DIRECTIONS =>
For the records below, please print exactly and only the lines from the one with "- ブルンジ切手『伝統文化』4枚シート 無目打 2012" down to the one with "16oz snowglobe with glitter and clay pieces", both ends included, omitting the pictures.

DATA FOR THE TASK =>
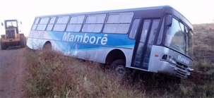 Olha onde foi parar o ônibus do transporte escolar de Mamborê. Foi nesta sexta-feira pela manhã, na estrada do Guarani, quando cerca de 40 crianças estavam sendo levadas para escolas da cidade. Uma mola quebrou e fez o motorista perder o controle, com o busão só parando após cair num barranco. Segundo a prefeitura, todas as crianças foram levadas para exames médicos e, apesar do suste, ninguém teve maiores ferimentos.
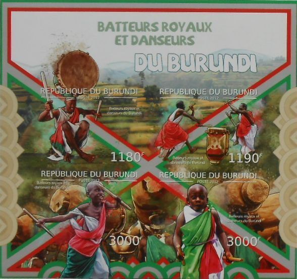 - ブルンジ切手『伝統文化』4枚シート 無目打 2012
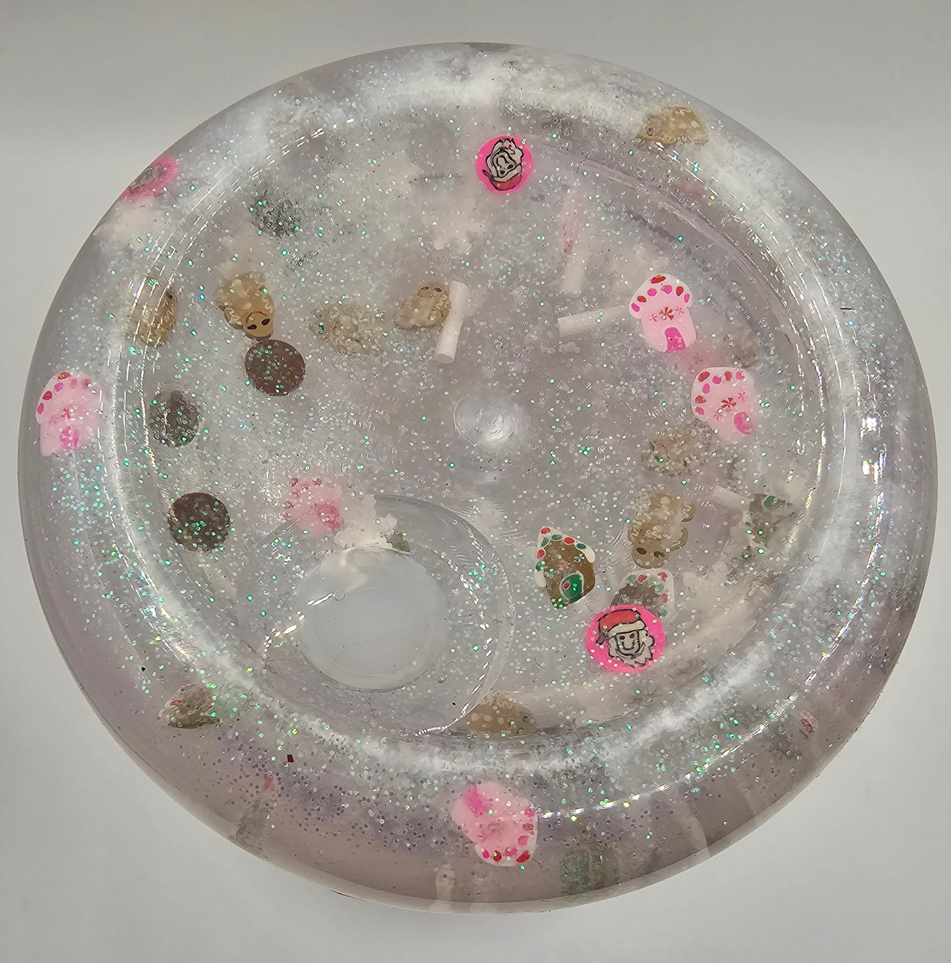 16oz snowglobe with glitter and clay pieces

* * *

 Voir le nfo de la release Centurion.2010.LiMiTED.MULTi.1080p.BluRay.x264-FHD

ANSWER AREA =>
 - ブルンジ切手『伝統文化』4枚シート 無目打 2012
 16oz snowglobe with glitter and clay pieces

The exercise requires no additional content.